_Task goal_
In the listing below, find the line with "Zusätzlich entstanden mit" and copy every line from there up to and including the line with "Instructions:1. before using", exactly and without pictures.

_Source material_
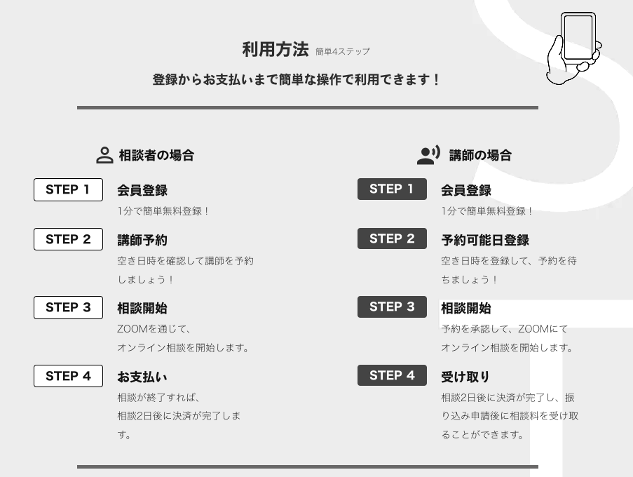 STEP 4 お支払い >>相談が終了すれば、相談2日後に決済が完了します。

==

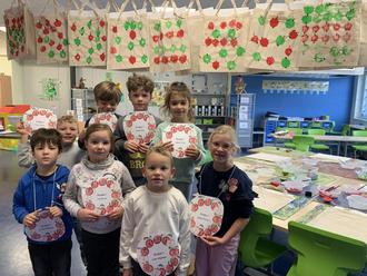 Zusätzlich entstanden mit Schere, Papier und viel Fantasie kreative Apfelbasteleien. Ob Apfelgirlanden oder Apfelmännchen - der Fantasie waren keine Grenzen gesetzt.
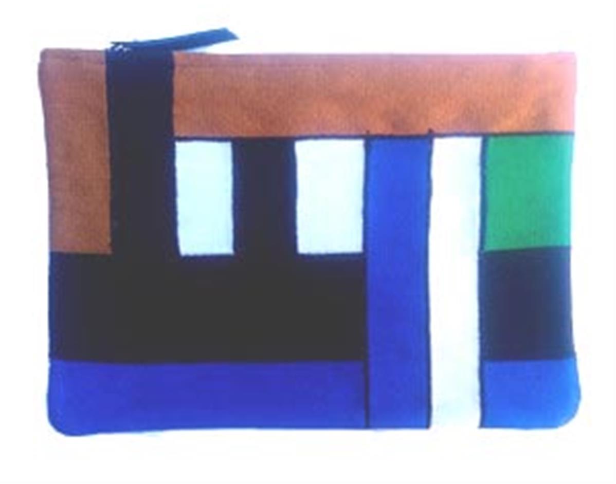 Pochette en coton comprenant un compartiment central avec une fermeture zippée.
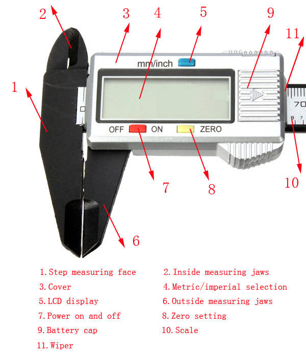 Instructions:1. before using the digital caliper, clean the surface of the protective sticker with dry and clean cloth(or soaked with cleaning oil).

_Exercise solution_
 Zusätzlich entstanden mit Schere, Papier und viel Fantasie kreative Apfelbasteleien. Ob Apfelgirlanden oder Apfelmännchen - der Fantasie waren keine Grenzen gesetzt.
 Pochette en coton comprenant un compartiment central avec une fermeture zippée.
 Instructions:1. before using the digital caliper, clean the surface of the protective sticker with dry and clean cloth(or soaked with cleaning oil).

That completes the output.